» **Available data**:
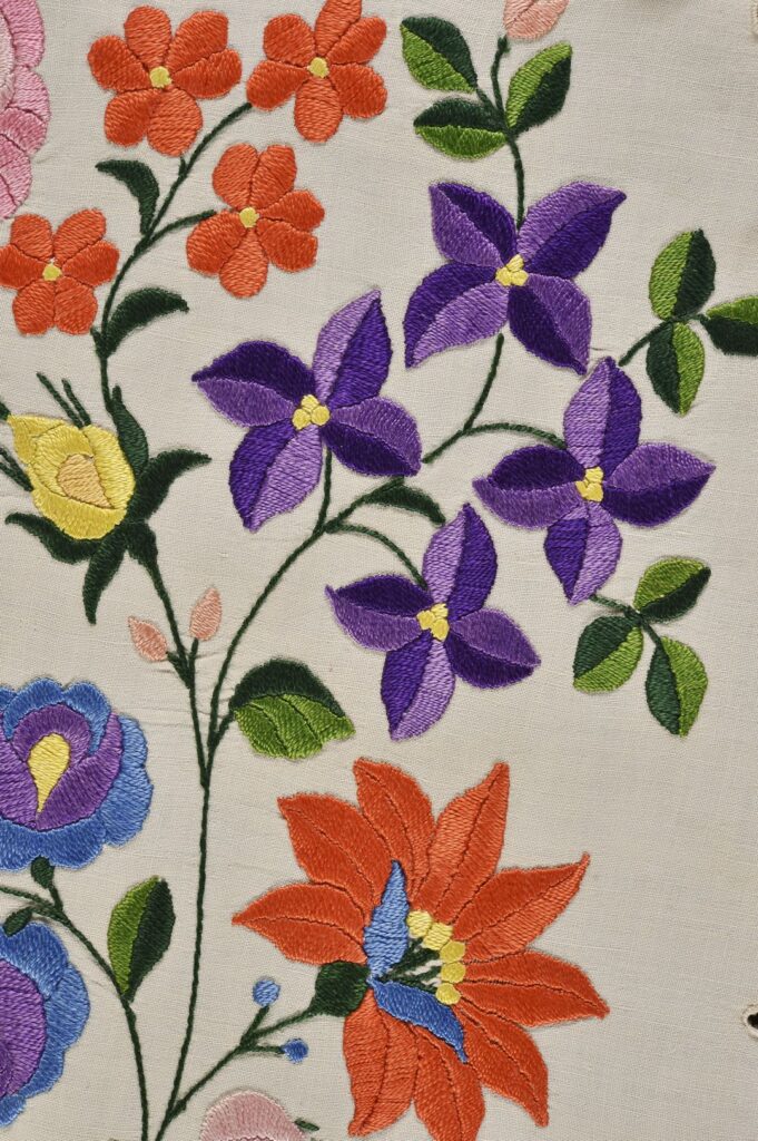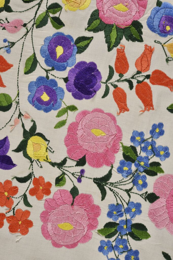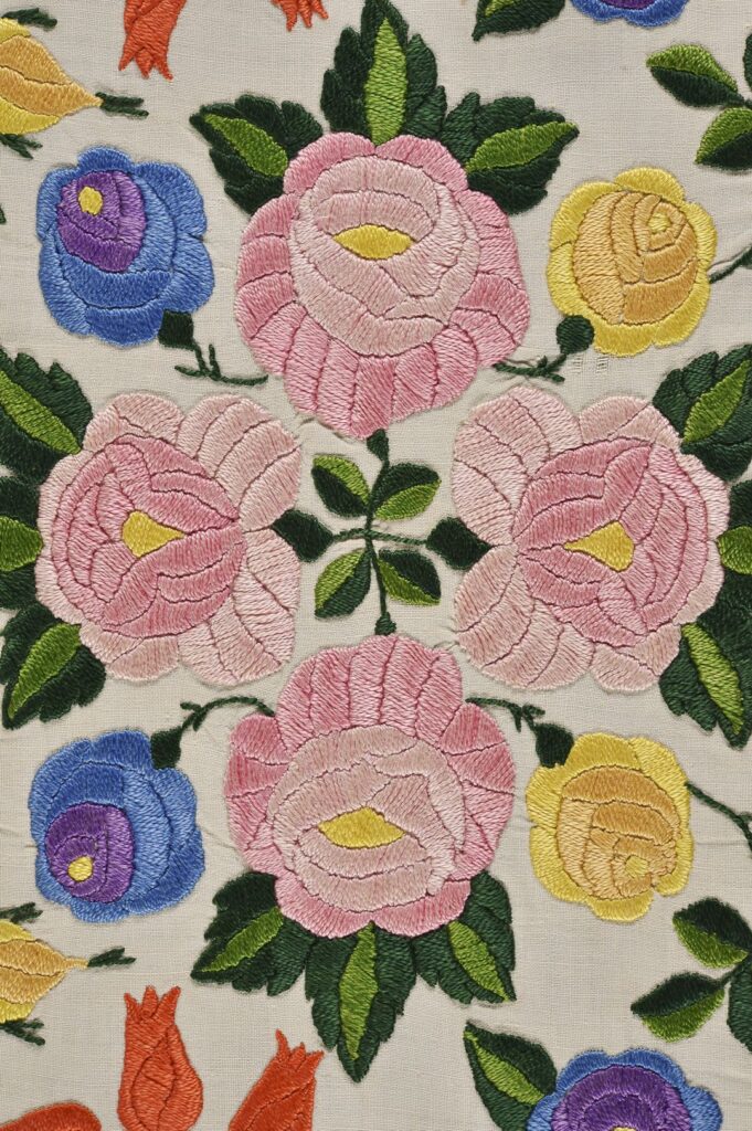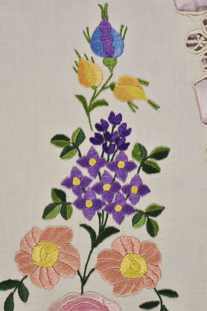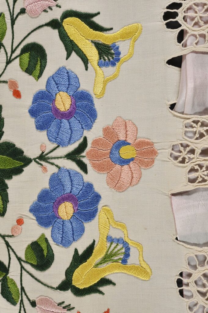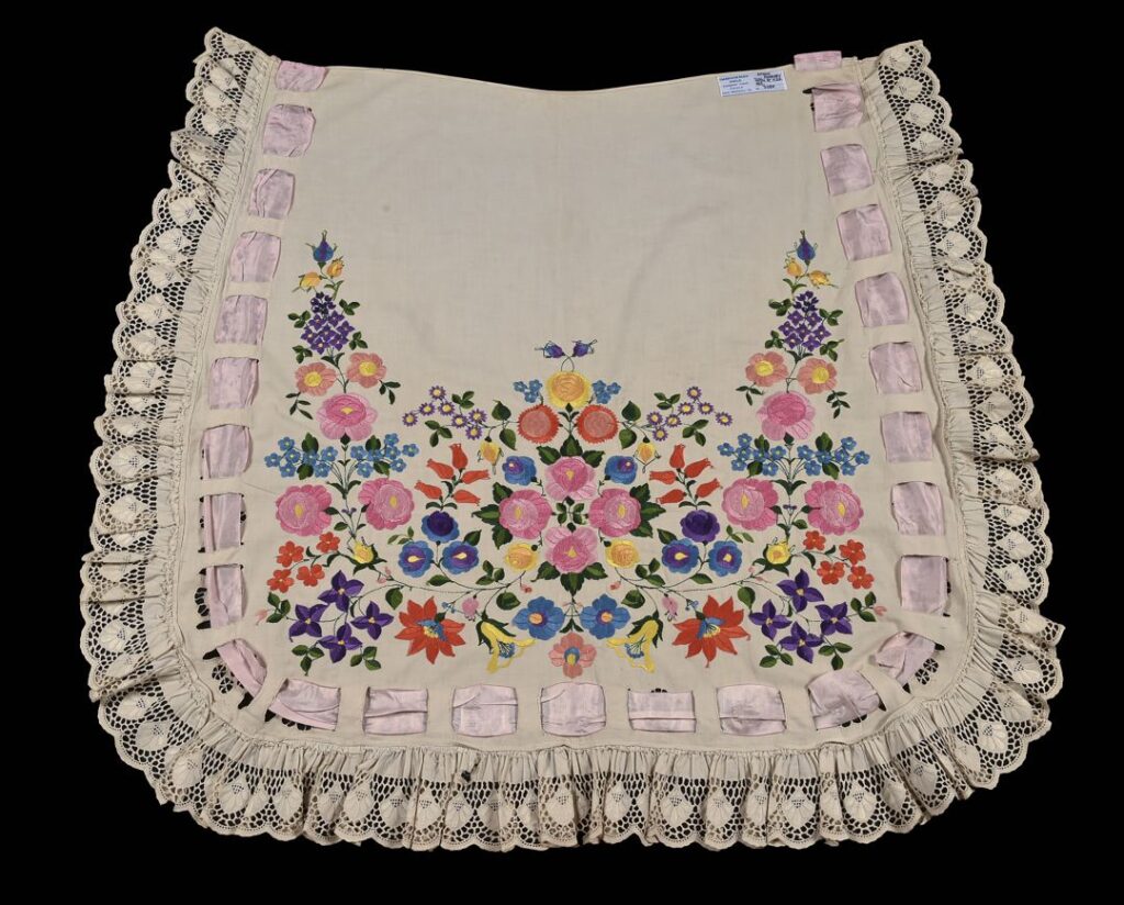 ‘Many hours’ is certainly true of the piece we feature here: an adult’s apron made and decorated somewhere around the end of the 19th and the start of the 20th century. We have several embroidered aprons in the collection, and this one clearly belongs to the ‘fancy’ category. It’s been made – the label suggests in Hungary – using white linen, and is embroidered with a naturalistic floral display worked in bright polychrome silk threads. Stylised floral cutwork motifs run around the edge, with a wide pink ribbon threaded through them. The edge is finished with a wide machine embroidered frill.
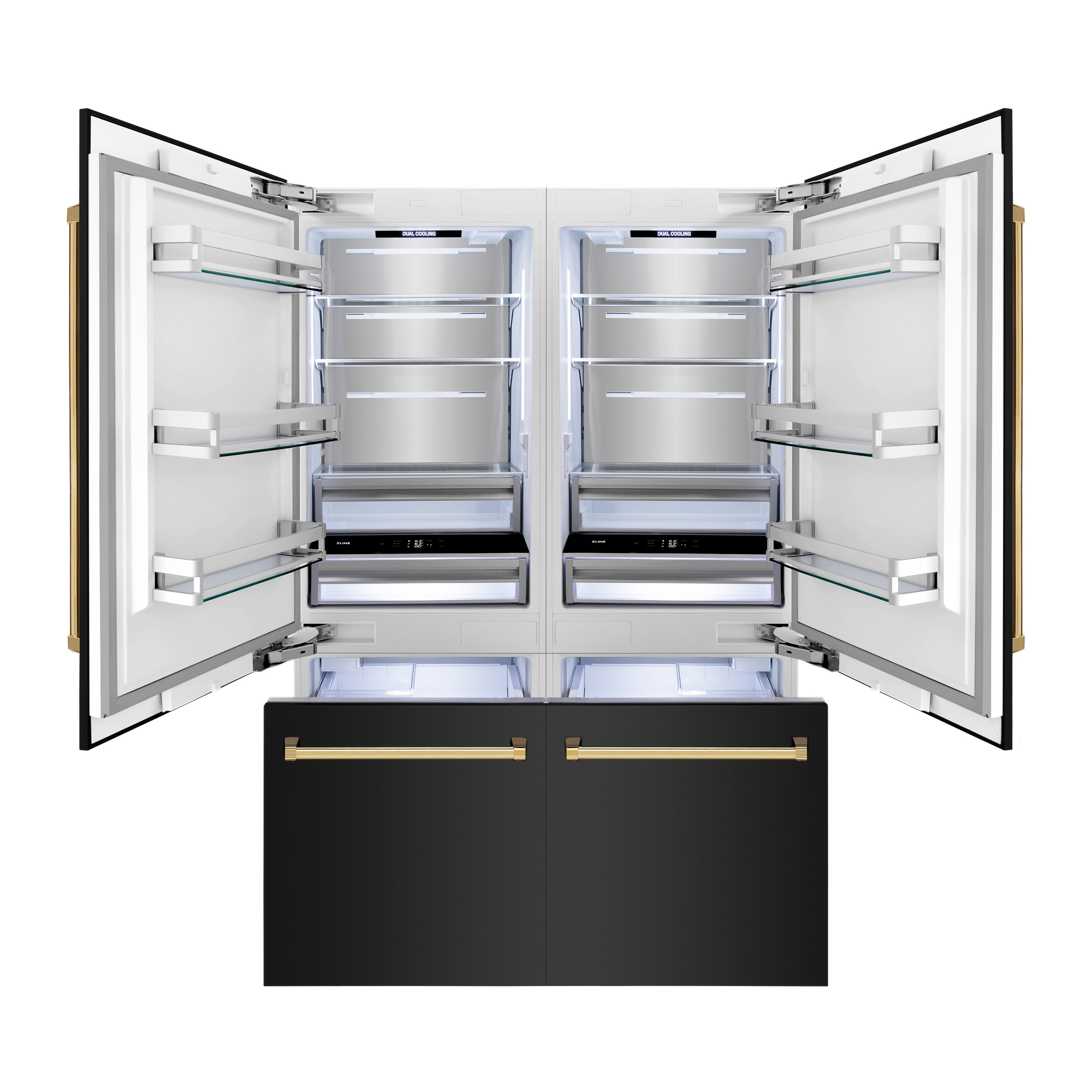 ZLINE KITCHEN & BATH Counter-Depth 32.2-cu ft 4 -Door Built-In French Door Refrigerator with Ice Maker with Water Dispenser ( Black Stainless Steel with Polished Gold accent Handles ) ENERGY STAR Certified
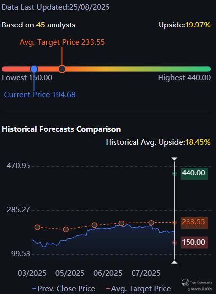 Based on 45 analysts from Tiger Brokers offering 12 month price targets for Snowflake in the last 3 months. The average price target is $233.55 with a high forecast of $440.00 and a low forecast of $150.00. The average price target represents a 19.97% change from the last price of $194.68.
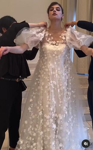 高品質!ウエディングドレス オーバードレス オシャレ 立体的な花レース オーダードレス パフスリーブ 結婚式/前撮り 披露宴/ステージ/演奏ドレス ソフトチュール | David1021k Dress(ダヴィドレス)
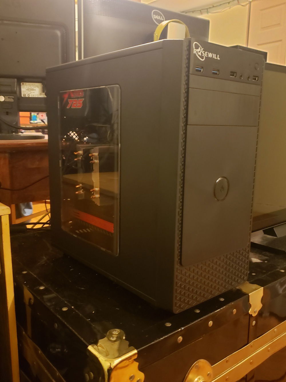 This is a build i made on a really tight budget. i think i paid less then 200$ for everything gpu is an hd 5970. the cpu cooler is some random ali express special, not what ever i put in the description i had to cut a hole on the bottem of the cas and put a 80mm fan so the gpu didnt overheat.
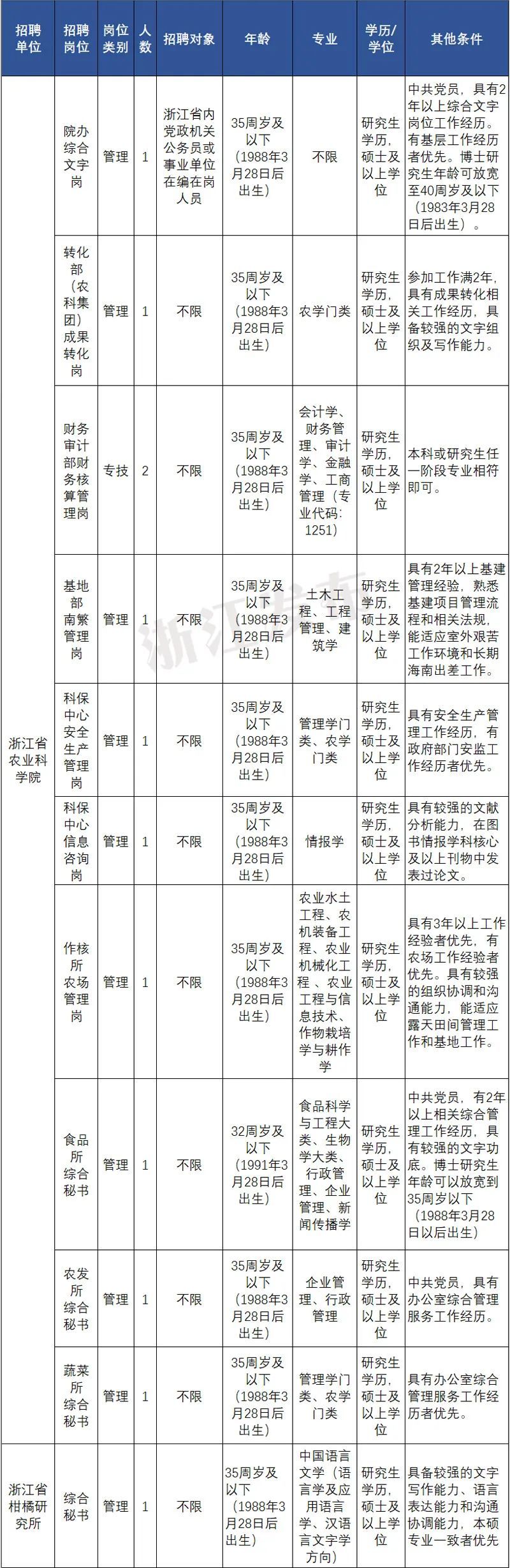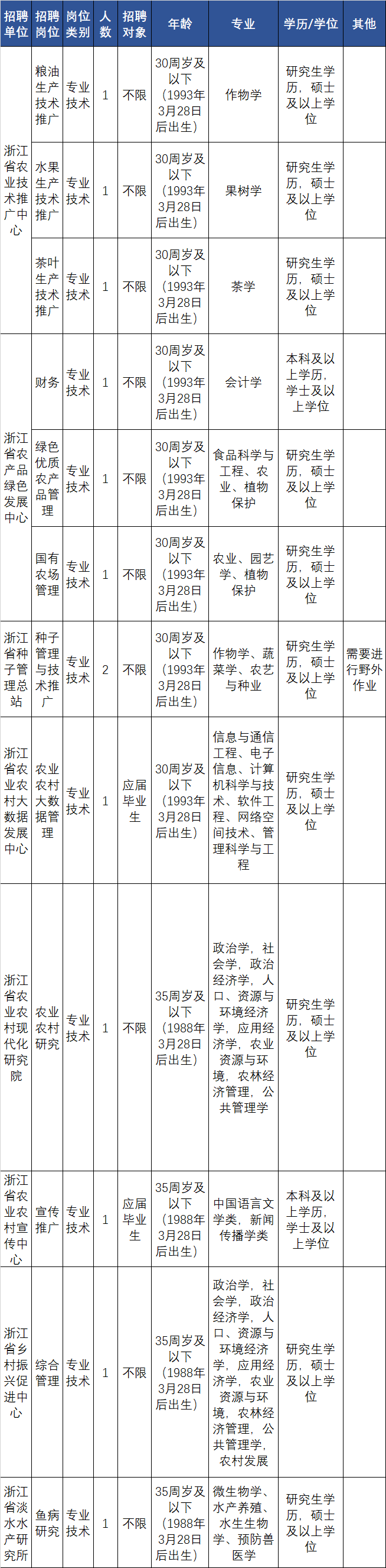 此次招聘的省农业农村厅所属事业单位共8家:浙江省农业技术推广中心、省农产品绿色发展中心、省种子管理总站、省农业农村大数据发展中心、省农业农村现代化研究院、省农业农村宣传中心、省乡村振兴促进中心、省淡水水产研究所。

» **Exercise instructions**:
Pictures in the listing above must be skipped; everything else should be copied exactly.

» **Response area**:
 ‘Many hours’ is certainly true of the piece we feature here: an adult’s apron made and decorated somewhere around the end of the 19th and the start of the 20th century. We have several embroidered aprons in the collection, and this one clearly belongs to the ‘fancy’ category. It’s been made – the label suggests in Hungary – using white linen, and is embroidered with a naturalistic floral display worked in bright polychrome silk threads. Stylised floral cutwork motifs run around the edge, with a wide pink ribbon threaded through them. The edge is finished with a wide machine embroidered frill.
 ZLINE KITCHEN & BATH Counter-Depth 32.2-cu ft 4 -Door Built-In French Door Refrigerator with Ice Maker with Water Dispenser ( Black Stainless Steel with Polished Gold accent Handles ) ENERGY STAR Certified
 Based on 45 analysts from Tiger Brokers offering 12 month price targets for Snowflake in the last 3 months. The average price target is $233.55 with a high forecast of $440.00 and a low forecast of $150.00. The average price target represents a 19.97% change from the last price of $194.68.
 高品質!ウエディングドレス オーバードレス オシャレ 立体的な花レース オーダードレス パフスリーブ 結婚式/前撮り 披露宴/ステージ/演奏ドレス ソフトチュール | David1021k Dress(ダヴィドレス)
 This is a build i made on a really tight budget. i think i paid less then 200$ for everything gpu is an hd 5970. the cpu cooler is some random ali express special, not what ever i put in the description i had to cut a hole on the bottem of the cas and put a 80mm fan so the gpu didnt overheat.
 此次招聘的省农业农村厅所属事业单位共8家:浙江省农业技术推广中心、省农产品绿色发展中心、省种子管理总站、省农业农村大数据发展中心、省农业农村现代化研究院、省农业农村宣传中心、省乡村振兴促进中心、省淡水水产研究所。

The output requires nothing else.